We've now learned about two different ways of representing sets of strings: finite state machines and regular expressions. It turns out that they are equivalent: it is possible to convert any regular expression to a finite state machine and vice versa.

A regular language is a set of strings that can be defined using a regular expression (or alternatively using a FSM).

Diagram 1 shows a finite state machine.

Diagram 1



Write a regular expression to match the set of strings represented by the FSM in Diagram 1.

Firstly, identify the dead state, S5, and ignore any arrows that go into it.

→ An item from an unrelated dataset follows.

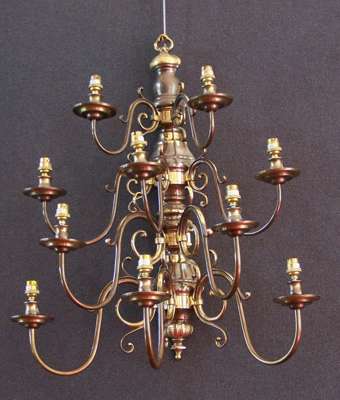 A pair of ten light brass wall sconces in the Dutch 18th century style
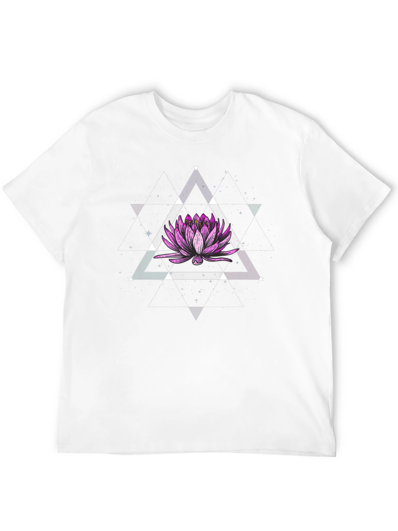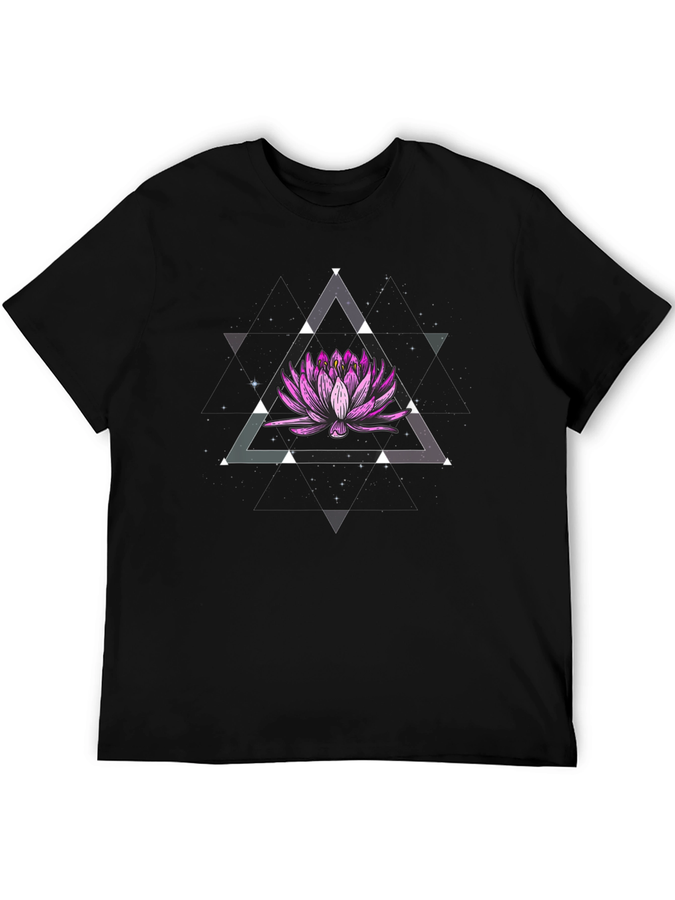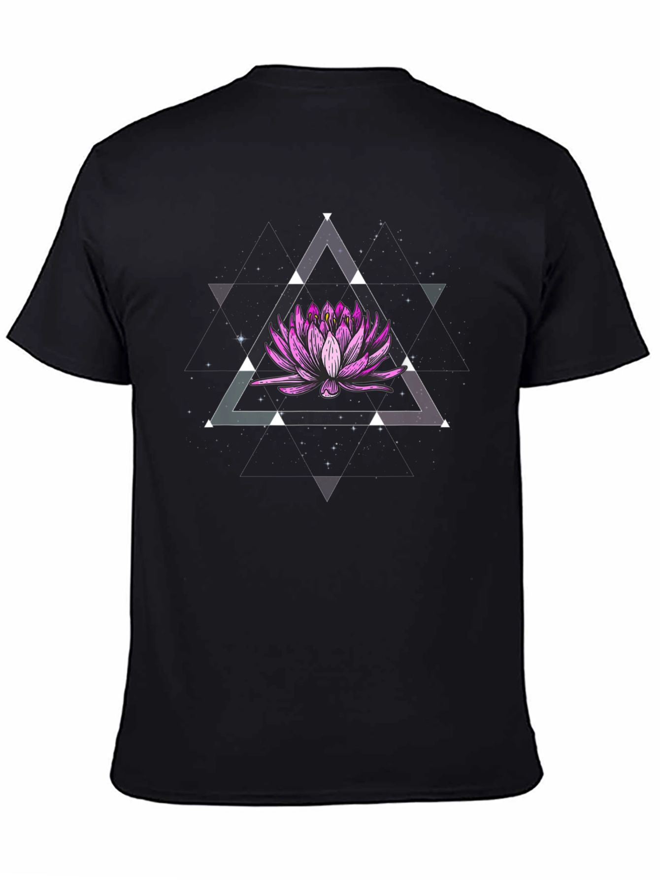Luce un estilo único con esta camiseta negra de manga corta. El diseño presenta una llamativa flor de loto colorida enmarcada en una figura geométrica triangular con un fondo que evoca el espacio estelar. Perfecta para expresar tu individualidad y pasión por el arte y la naturaleza. Confeccionada con materiales de alta calidad para garantizar comodidad y durabilidad. Ideal para uso diario, eventos casuales o como un regalo original para alguien especial. ¡Añade un toque de misticismo y estilo a tu guardarropa con esta prenda excepcional!

Next, let's find the quickest ways to get from the initial state to the accepting state: AB (S0 → S1 → S4) and ACCB (S0 → S1 → S2 → S3 → S4). The regex to represent this would be AB|ACCB, or equivalently A(CC)?B.

Finally, we can have ACB at the end any number of times, as it gets us from S4 back to S4 (through S2 and S3), so we add (ACB)* to the end.

Therefore the final answer is A(CC)?B(ACB)* .